Since the errors in the raw data were to 1 significant figures each, the error of 8.9x10^-5 had to be written as 9x10^-5, i.e. 1 significant figure. You would probably lose only the last 1 mark.

at about the uncertainty value?
Do you think it is right?
Since we were taking inverse of V/t, were we suppose to subtract its uncertainty? I added it but everyone else said you must substract it

 

[Saad Sarfraz]

NO BUH I ALSO GOT 1000 FREQUENCY and almost all my frnds got the same how can u say it was 500

It was 500 for sure

 

[Saad Sarfraz]

Guys if you get the First part wrong in Q1 will ecf be used.
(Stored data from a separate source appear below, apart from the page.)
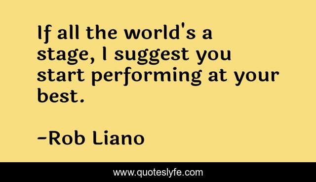 This page presents the quote "If all the world's a stage, I suggest you start performing at your best.". Author of this quote is Rob Liano. This quote is about action, accomplishment, success,.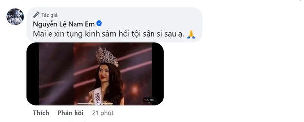 Giữa những tranh cãi của dư luận về động thái của Nam Em, một người có tiếng trong giới sắc đẹp Việt là ông bầu Kiệt hay còn gọi là "má Kiệt" (người từng đứng sau thành công của các Hoa hậu: Phạm Hương, H'Hen Niê, Kim Duyên, Phương Khánh, Diễm Hương, Bùi Quỳnh Hoa...) đã có bài đăng "dằn mặt".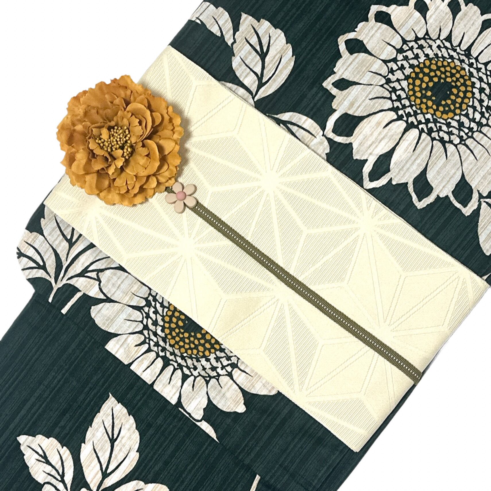 浴衣ジェンヌ 浴衣5点セット 向日葵 綿 ゆかた 半幅帯 浴衣 濃緑 グリーン ひまわり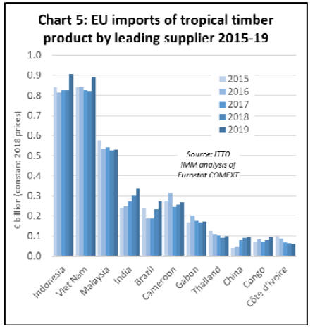 sawnwood. EU imports from Côte d'Ivoire also continued

Caz i think a made a mistake in the calculation i got
C= 1.30 x 10^-3
Uncertanitny= 0.11 x 10^-3
T= 1.3x10^-3 +- 0.1x10^-3

 

[raamish]

hey guys can any1 help me my physics practical ppr is tomorrow and i have some qs like:

hmm guys need help in significant figures:

my readings are:
V/V:8.0 V
I/A:0.32
P/W:2.56
R/ohm:25.0
R4/ohm: 3.9*10^5

Guys please check my readings and tell me how many significant figures i should give for each reading​

 

[[D]UNK]

i dunno if they r rite
but i got 13m/s for the speed dunt remember the rest

yea the speed was 13

 

[[D]UNK]

It was 500 for sure

yup it was 500 u had to divide by 2 coz the distance u measerd was between two nodes or anti nodes or wht ever

 

[xxxtoughxxx]

The paper was either TOO long for 1 hour or 1 hour is TOO short for the paper... :/
I cudnt draw the graph

u r variant 22 right?

 

[raamish]

some1 help me plzzz

 

[xxxtoughxxx]

did anyone take 21?

yep apart from electricity it wux ok...

 

[MysteRyGiRl]

ppl wat abt v1???

 

[Rakayz]

sum1 plz explain....... i have a doubt in practicles: w11-qp-34...question 2) f-i & f-ii

thanks

 

[AdeelRox]

something like 1567 or 1576 some thing like that for T

dude it was T=1517

 

[xxxtoughxxx]

graph??????

hahaa dw same as my reaction i think dis variant 2

 

[mustafa arif02]

The paper was either TOO long for 1 hour or 1 hour is TOO short for the paper... :/
I cudnt draw the graph

ya same here

 

[AdeelRox]

I wrote 'Initially, the neutrons have some kinetic energy.'
Meh.

i also wrote the same

 

[00tanveer]

It was in quilibrium because there was no resultant force acting on the log as suggested by its motion with a constant velocity. This answer should relate to the definition you had written for Newton's 1st Law earlier in the question.

 

[00tanveer]

No it was not because some work is also done against friction. (This should be sufficient for 2 marks) So output power would be rather the sum of gain in potential energy per unit time and work done against friction per unit time.

 

[00tanveer]

Uncertainties must always be quoted to 1 significant figure. So it should be 9x10^-5. And C can be kept to 3 sig. fig.